--- START ---
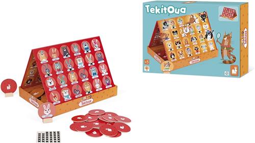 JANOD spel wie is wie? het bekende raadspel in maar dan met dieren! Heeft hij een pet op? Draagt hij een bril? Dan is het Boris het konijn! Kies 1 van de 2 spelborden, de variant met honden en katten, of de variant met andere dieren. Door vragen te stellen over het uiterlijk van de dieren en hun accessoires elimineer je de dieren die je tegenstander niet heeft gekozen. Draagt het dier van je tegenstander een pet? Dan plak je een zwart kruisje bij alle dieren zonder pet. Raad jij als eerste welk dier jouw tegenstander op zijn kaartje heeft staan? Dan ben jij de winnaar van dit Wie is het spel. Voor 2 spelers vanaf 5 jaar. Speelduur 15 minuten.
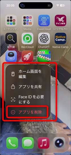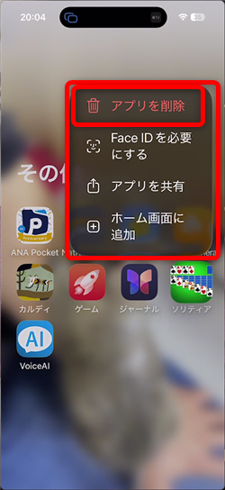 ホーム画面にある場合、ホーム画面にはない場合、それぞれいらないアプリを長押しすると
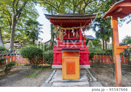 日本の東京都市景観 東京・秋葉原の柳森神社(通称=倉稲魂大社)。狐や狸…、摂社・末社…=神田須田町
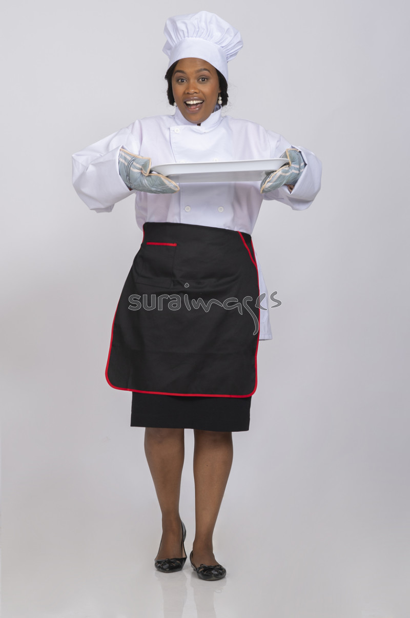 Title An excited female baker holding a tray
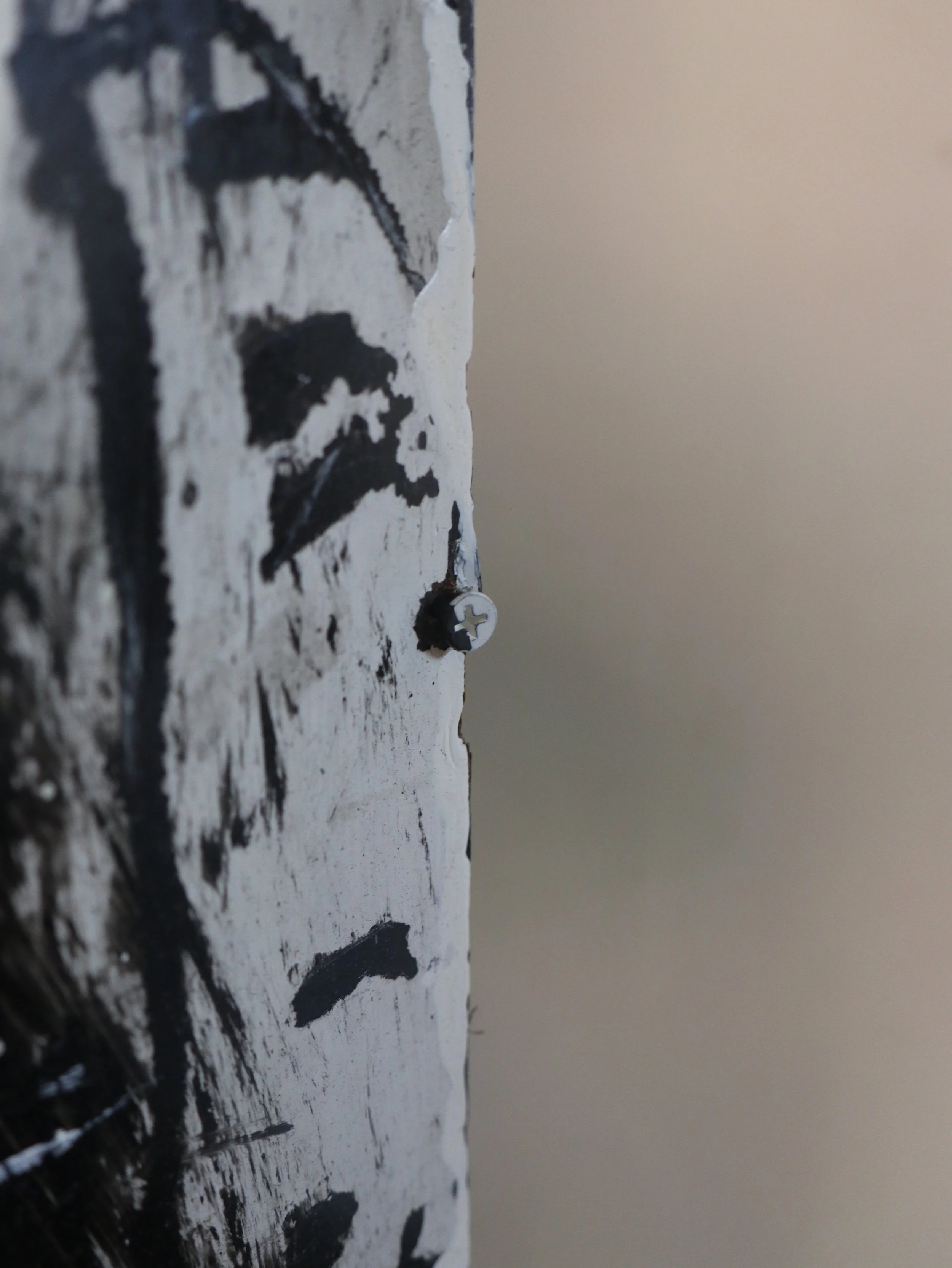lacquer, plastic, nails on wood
--- END ---
• [Action item]
The range to print runs from the line with "日本の東京都市景観 東京・秋" through the last line of the entries, both included; keep it exact and skip the pictures.

• [Result below]
 日本の東京都市景観 東京・秋葉原の柳森神社(通称=倉稲魂大社)。狐や狸…、摂社・末社…=神田須田町
 Title An excited female baker holding a tray
lacquer, plastic, nails on wood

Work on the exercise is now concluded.